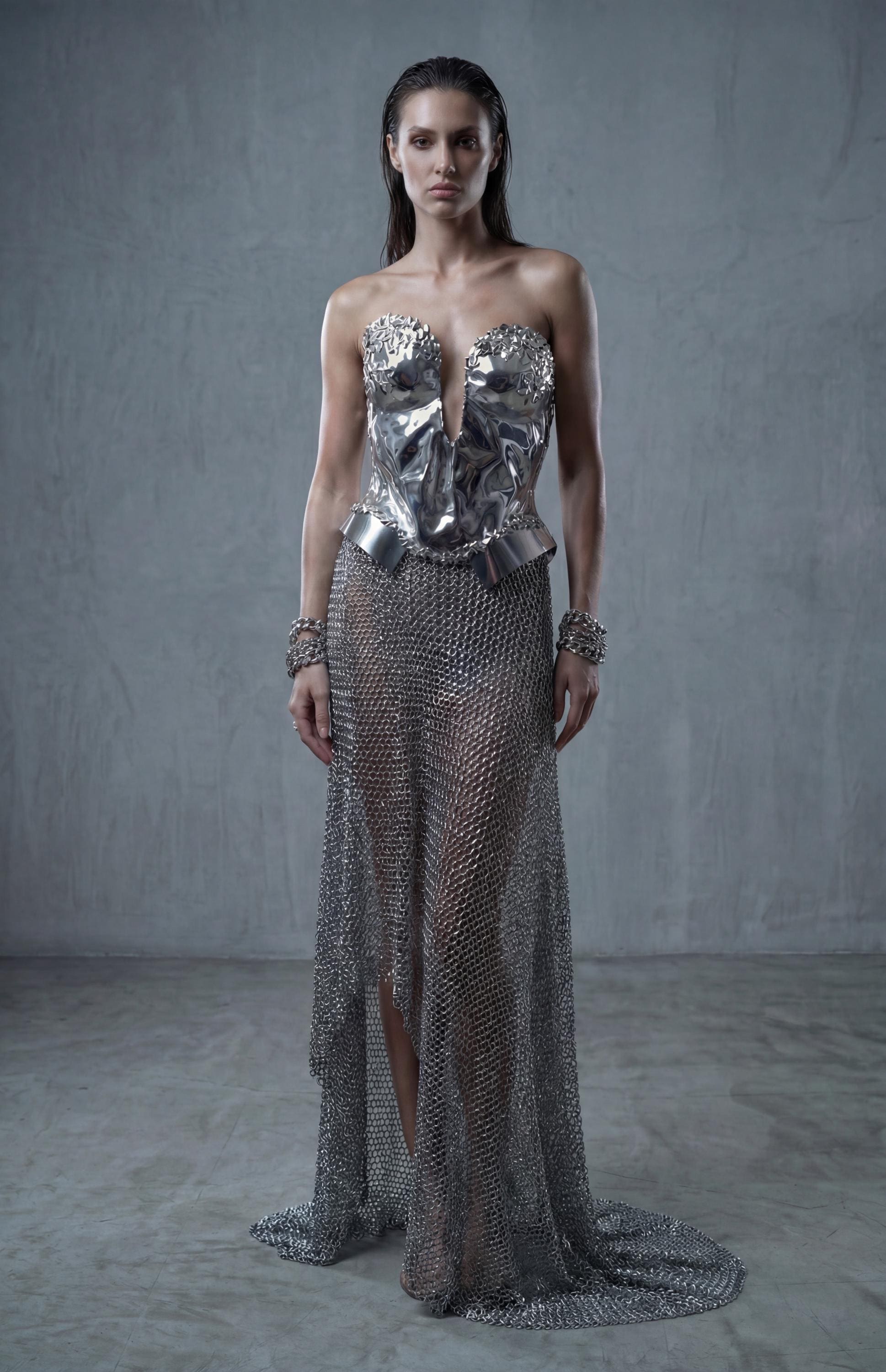 This sculptural silver armor corset is a bold futuristic statement piece inspired by cyberpunk, goddess armor, and avant-garde fashion.
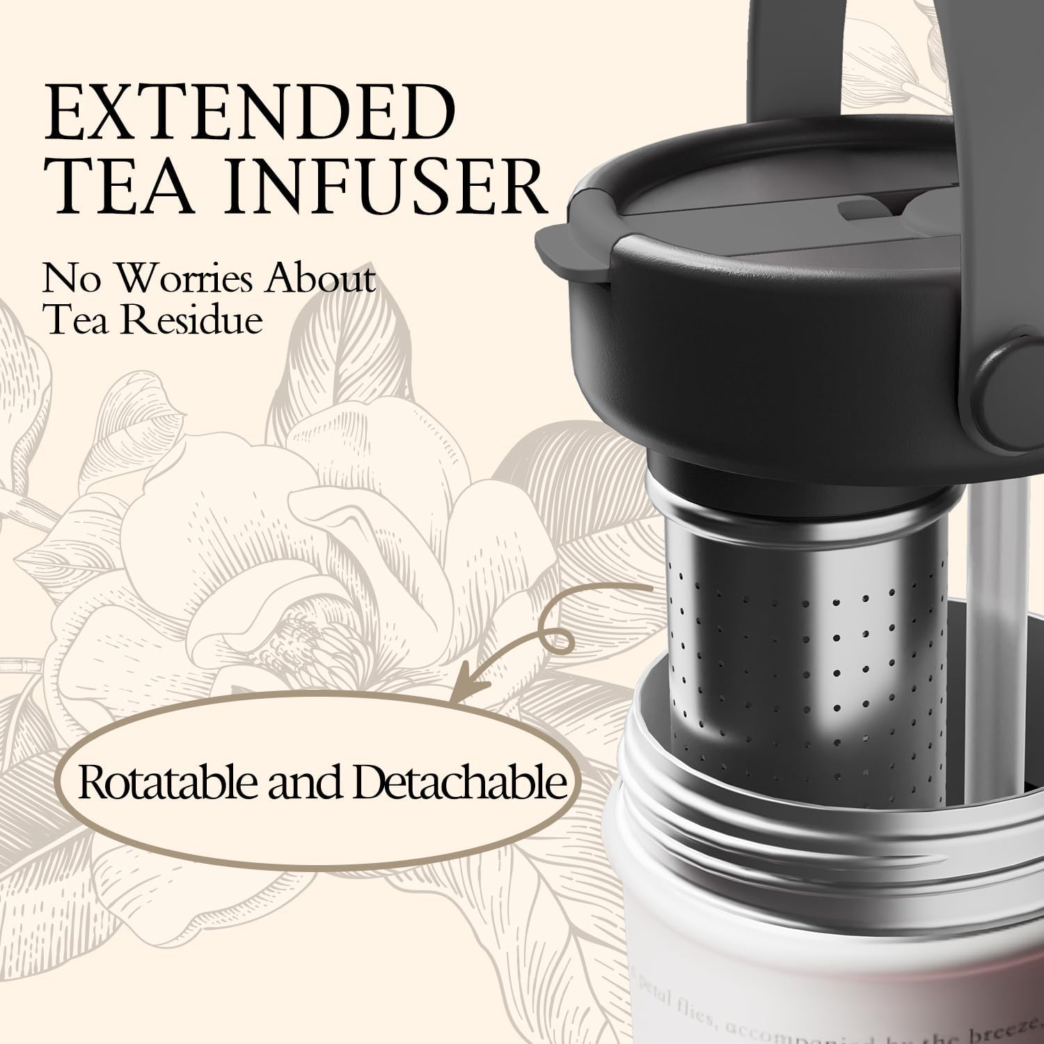 - INFUSE YOUR DAY WITH INNOVATION: Brew your favorite teas or coffee effortlessly with the integrated infuser, and enjoy on-the-go convenience with a foldable straw and leak-proof design. Its sleek handle ensures effortless portability, while the car cup holder fit makes it the perfect choice for modern explorers
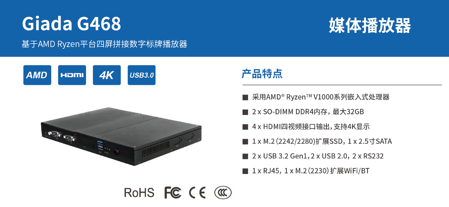 三亿(集团)体育除了为广大商户提供数字化智慧运营系统软件,同时也配套智能硬件产品,帮助商户快速地建立起数字化智慧门店,提供硬软一站式服务。 三亿(集团)体育G468可满足全场景全行业的广告投放、招牌商品推荐、信息发布等应用场景。
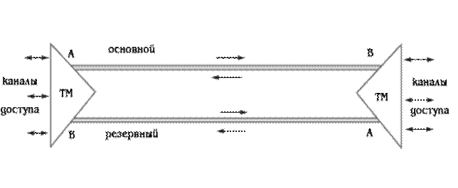 Сегмент сети, связывающий два узла A и B, или топология "точка - точка", является наиболее простым примером базовой топологии SDH сети (рис.8.). Она может быть реализована с помощью терминальных мультиплексоров ТМ, как по схеме без резирвирования канала приёма/передачи, так и по схеме со стопроцентным резервированием типа 1+1, использующей основной и резервный электрические или оптические агрегатные выходы (каналы приёма/передачи).
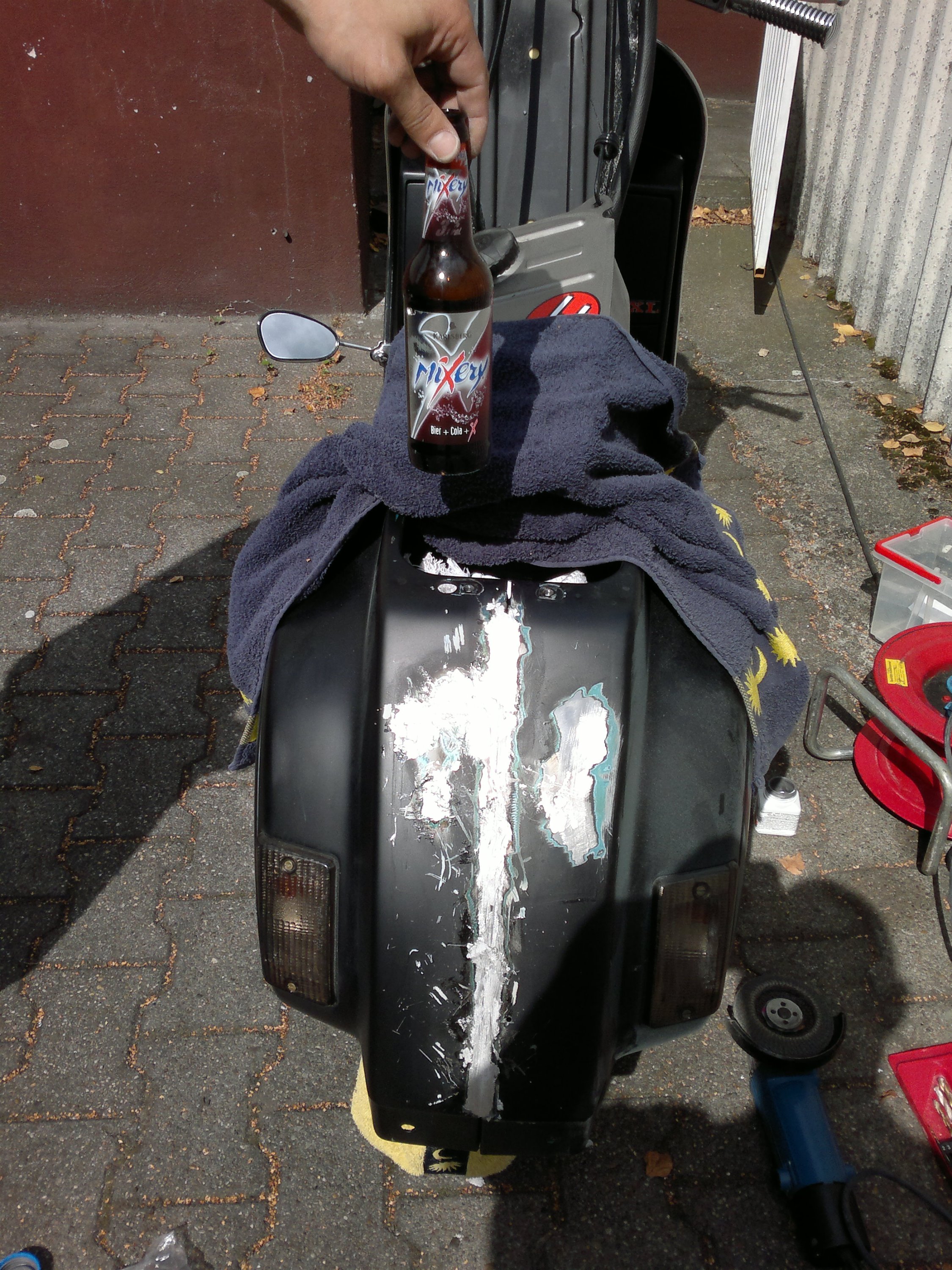 Hab mich mal am Wochenende an den Brotkasten äh Rücklicht gemacht, dabei wurde dann aus nur die überflüssigen Löcher verzinnen, gleich ne komplett Glättung.
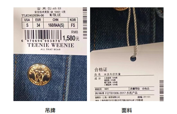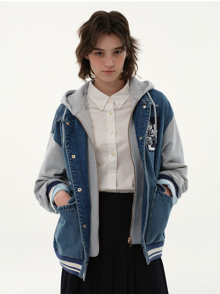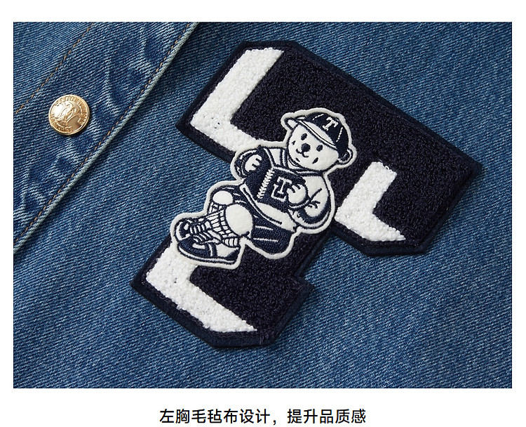 商品名称:小熊春款宽松拼接牛仔短款外套时尚美式复古小个子 293441
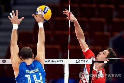 epa09464382 Serbia's Aleksandar Atanasijevic (L) in action against Turkey's Yigit Gulmezoglu (R) during the 2021 Men's European Volleyball Championship round of 16 match between Serbia and Turkey in Gdansk, northern Poland, 12 September 2021. EPA/Adam Warzawa POLAND OUT
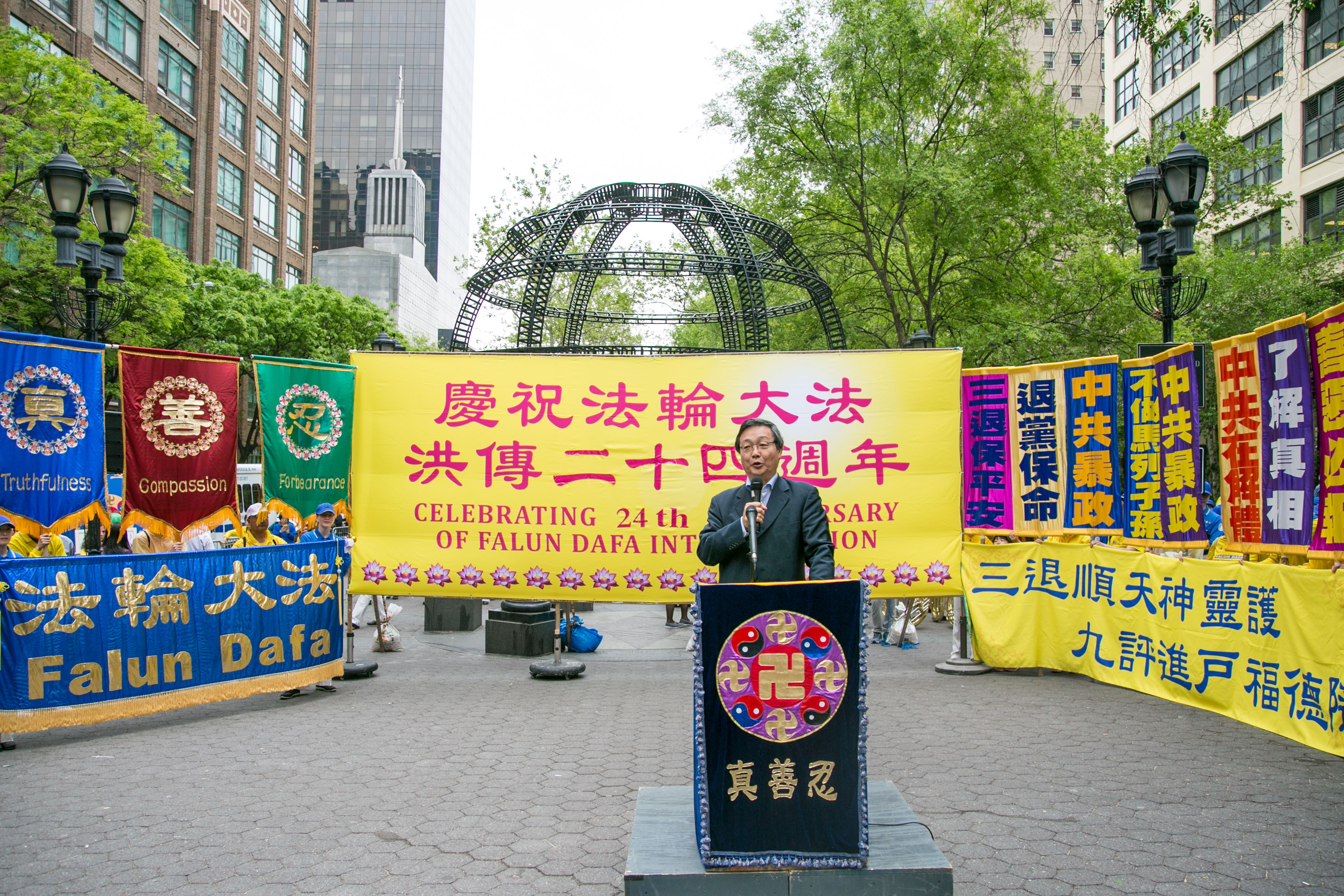 ![]() 图2: 二零一六年五月十三日,法轮功学员在纽约联合国公园集会,庆祝第十七届法轮大法日。图为香港法轮大法学会会长简鸿章在集会现场发言。 |
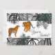 Este convite para o casamento contém dois tigres Bengle laranja e preto, apaixonados. Eles são colocados contra um fundo de palma, fundo da selva tropical.
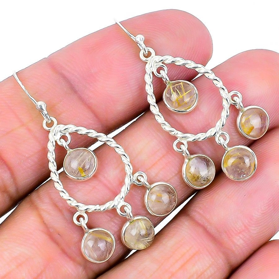 Golden Rutile Gemstone Dangling Sister Earrings Jewelry Solid Sterling Silver
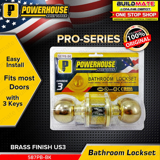 POWERHOUSE PRO SERIES Cylindrical Bathroom Lockset Brass Finish US3 PH587PBBK •BUILDMATE• PHDH

**Work request:**
In the copy, include no pictures; restate the listing above exactly.

**Exercise answer:**
 This sculptural silver armor corset is a bold futuristic statement piece inspired by cyberpunk, goddess armor, and avant-garde fashion.
 - INFUSE YOUR DAY WITH INNOVATION: Brew your favorite teas or coffee effortlessly with the integrated infuser, and enjoy on-the-go convenience with a foldable straw and leak-proof design. Its sleek handle ensures effortless portability, while the car cup holder fit makes it the perfect choice for modern explorers
 三亿(集团)体育除了为广大商户提供数字化智慧运营系统软件,同时也配套智能硬件产品,帮助商户快速地建立起数字化智慧门店,提供硬软一站式服务。 三亿(集团)体育G468可满足全场景全行业的广告投放、招牌商品推荐、信息发布等应用场景。
 Сегмент сети, связывающий два узла A и B, или топология "точка - точка", является наиболее простым примером базовой топологии SDH сети (рис.8.). Она может быть реализована с помощью терминальных мультиплексоров ТМ, как по схеме без резирвирования канала приёма/передачи, так и по схеме со стопроцентным резервированием типа 1+1, использующей основной и резервный электрические или оптические агрегатные выходы (каналы приёма/передачи).
 Hab mich mal am Wochenende an den Brotkasten äh Rücklicht gemacht, dabei wurde dann aus nur die überflüssigen Löcher verzinnen, gleich ne komplett Glättung.
 商品名称:小熊春款宽松拼接牛仔短款外套时尚美式复古小个子 293441
 epa09464382 Serbia's Aleksandar Atanasijevic (L) in action against Turkey's Yigit Gulmezoglu (R) during the 2021 Men's European Volleyball Championship round of 16 match between Serbia and Turkey in Gdansk, northern Poland, 12 September 2021. EPA/Adam Warzawa POLAND OUT
 ![]() 图2: 二零一六年五月十三日,法轮功学员在纽约联合国公园集会,庆祝第十七届法轮大法日。图为香港法轮大法学会会长简鸿章在集会现场发言。 |
 Este convite para o casamento contém dois tigres Bengle laranja e preto, apaixonados. Eles são colocados contra um fundo de palma, fundo da selva tropical.
 Golden Rutile Gemstone Dangling Sister Earrings Jewelry Solid Sterling Silver
 POWERHOUSE PRO SERIES Cylindrical Bathroom Lockset Brass Finish US3 PH587PBBK •BUILDMATE• PHDH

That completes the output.